Reputation: 1304
I'm trying to get the distinct values of a single column of a DataFrame
(called: df
) into an Array that matches the data type of the column. This is what I've tried, but it does not work:
def distinctValues[T: ClassTag](column: String): Array[T] = {
df.select(df(column)).distinct.map {
case Row(s: T) => s
}.collect
}
The method is inside an implicit class, so calling df.distinctValues("some_col")
gives me:
scala.MatchError: [ABCD] (of class org.apache.spark.sql.catalyst.expressions.GenericRowWithSchema)
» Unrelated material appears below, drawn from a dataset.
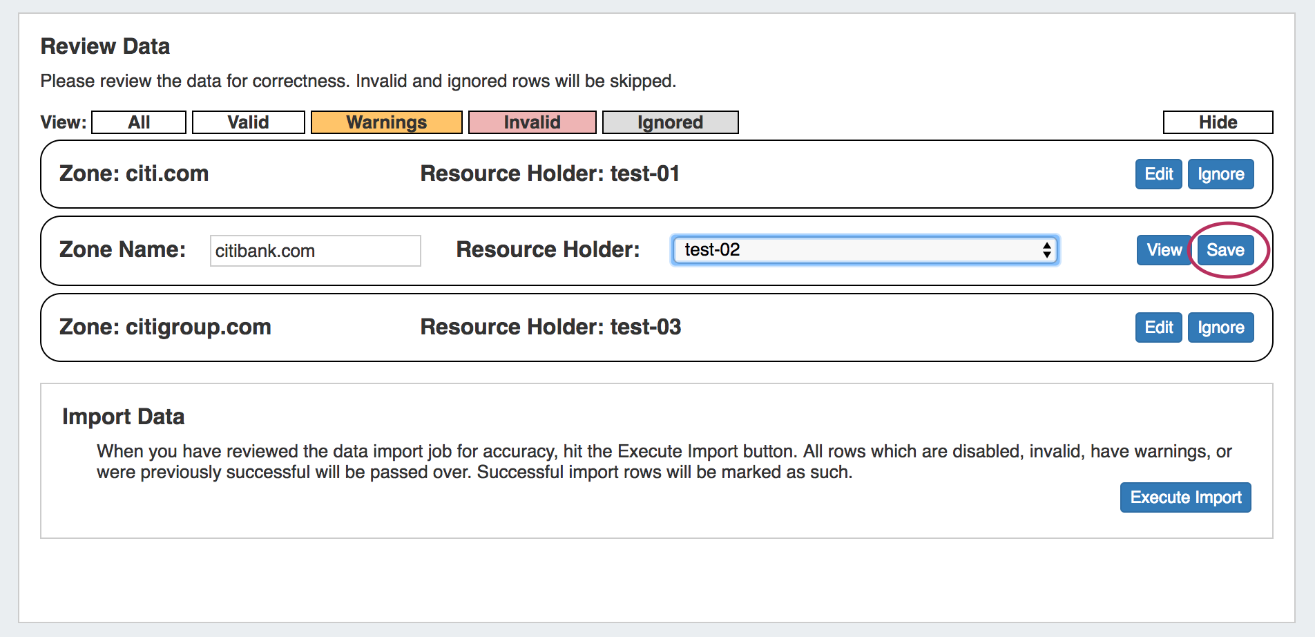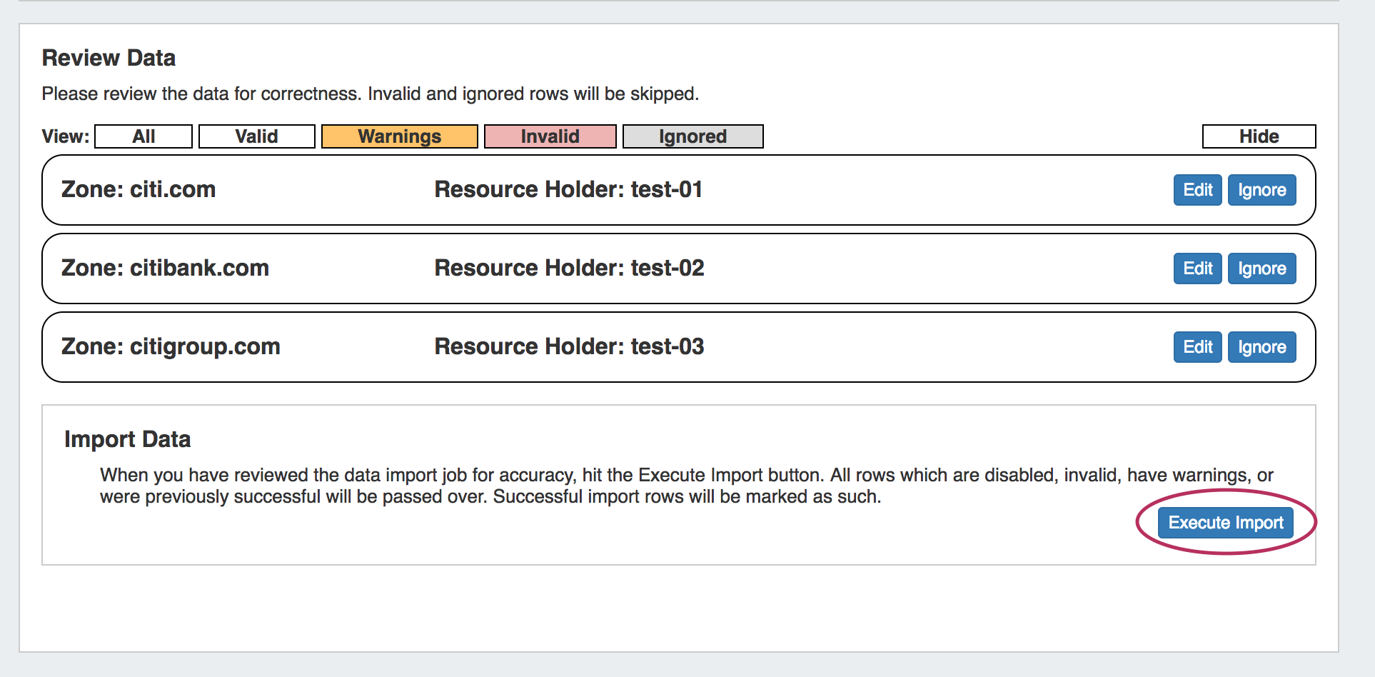 When the review step is completed, hit the "Execute Import" button. A progress bar will appear to show progress and note errors if they occur.
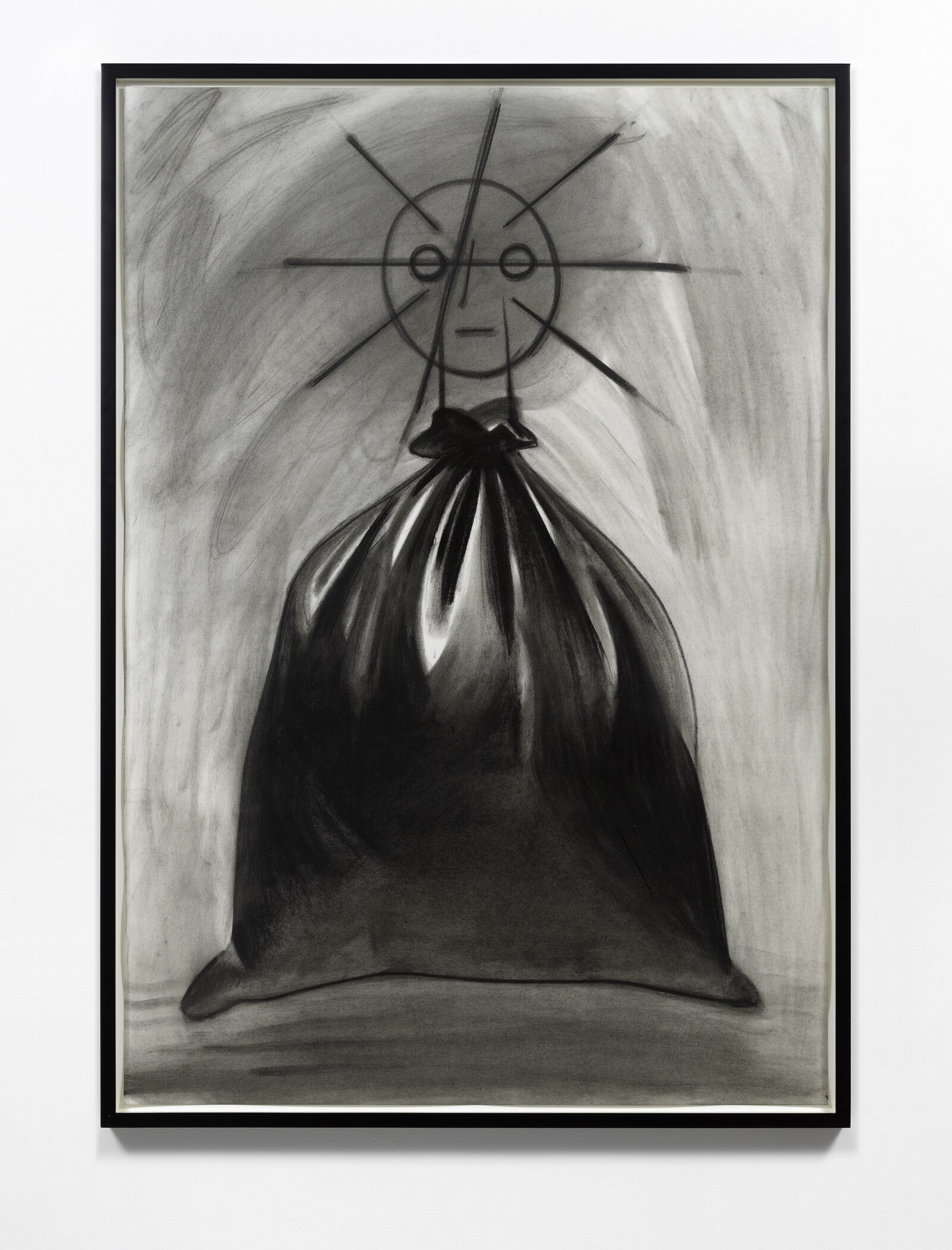 Hanging in the main space of the gallery is a series of charcoal drawings. In one, titled A Sun-headed character in a garbage bag (2022), Kadan renders a black trash bag akin to those rumored to have been used to transport the bodies of soldiers killed during Russia’s invasion. Over the trash bag presides an unsmiling black sun. In another, similar drawing (The Sun I, 2022), a black sun rises from a barren field, its stiff rays referencing the same window grates as Private Sun. The trauma of nuclear meltdown is historically tied to the Chernobyl disaster: as an alchemical symbol, a black sun is used to illuminate the dissolution of the body, a blackening of matter, or putrefaction. Its likeness is often used to refer to the use of nuclear weapons and eternal winter, which lends the exhibition its prevailing air of nuclear anxiety.

Is there an elegant way to achieve what I want that is also type safe?
I'm on Spark 1.4.1.
Upvotes: 4
Views: 4647
Reputation: 4471
The problem is that you're using pattern matching instead of the getAs
method:
implicit final class DataFrameOps(val df: DataFrame) {
def distinctValues[T: ClassTag](column: String): Array[T] = {
df.select(column).distinct().map(_.getAs[T](column)).collect()
}
}
Usage:
val ageArray: Array[Int] = df.distinctValues("age")
or
val ageArray = df.distinctValues[Int]("age")
Upvotes: 5
Reputation: 2967
Since 1.4.0, Spark has dropDuplicates
method that implements distinct by sequence of columns (or by all columns, if none is specified):
//drop duplicates considering specified columns
val distinctDf = df.select($"column").dropDuplicates(Seq("column"))
//this should work too since df has one column after select
val distinctDf = df.select($"column").dropDuplicates()
//collect
def getValues[T](df: DataFrame, columnName: String) = {
df.map(_.getAs[T](columnName)).collect()
}
getValues[String](distinctDf, "column")
Upvotes: 1